I have already seen this answer and this answer, but neither appears to clear and explicit about the equivalence or non-equivalence of mfence
and xchg
Assuming you're not writing a device-driver (so all the memory is Write-Back, not weakly-ordered Write-Combining), then yes xchg
is as strong as mfence
.
NT stores are fine.
I'm sure that this is the case on current hardware, and fairly sure that this is guaranteed by the wording in the manuals for all future x86 CPUs. xchg
is a very strong full memory barrier.
Hmm, I haven't looked at prefetch instruction reordering. That might possibly be relevant for performance, or possibly even correctness in weird device-driver situations (where you're using cacheable memory when you probably shouldn't be).
From your quote:
(P4/Xeon) Load operations that reference weakly ordered memory types (such as the WC memory type) may not be serialized.
That's the one thing that makes xchg [mem]
weaker then mfence
(on Pentium4? Probably also on Sandybridge-family).
mfence
does guarantee that, which is why Skylake had to strengthen it to fix an erratum. (Are loads and stores the only instructions that gets reordered?, and also the answer you linked on Does lock xchg have the same behavior as mfence?)

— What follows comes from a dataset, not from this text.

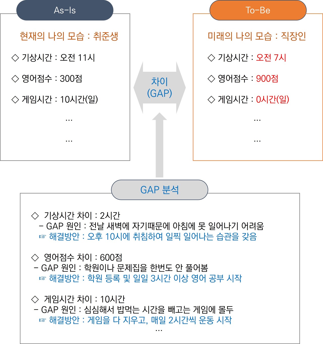 즉, 갭(gap)을 분석해서 as-is 상태를 to-be 상태로 만들기 위해 노력하는 것!

NT stores are serialized by xchg
/ lock
, it's only weakly-ordered loads that may not be serialized. You can't do weakly-ordered loads from WB memory. movntdqa xmm, [mem]
on WB memory is still strongly-ordered (and on current implementations, also ignores the NT hint instead of doing anything to reduce cache pollution).
It looks like xchg
performs better for seq-cst stores than mov
+mfence
on current CPUs, so you should use that in normal code. (You can't accidentally map WC memory; normal OSes will always give you WB memory for normal allocations. WC is only used for video RAM or other device memory.)
These guarantees are specified in terms of specific families of Intel microarchitectures. It would be nice if there was some common "baseline x86" guarantees that we could assume for future Intel and AMD CPUs.
I assume but haven't checked that the xchg
vs. mfence
situation is the same on AMD. I'm sure there's no correctness problem with using xchg
as a seq-cst store, because that's what compilers other than gcc actually do.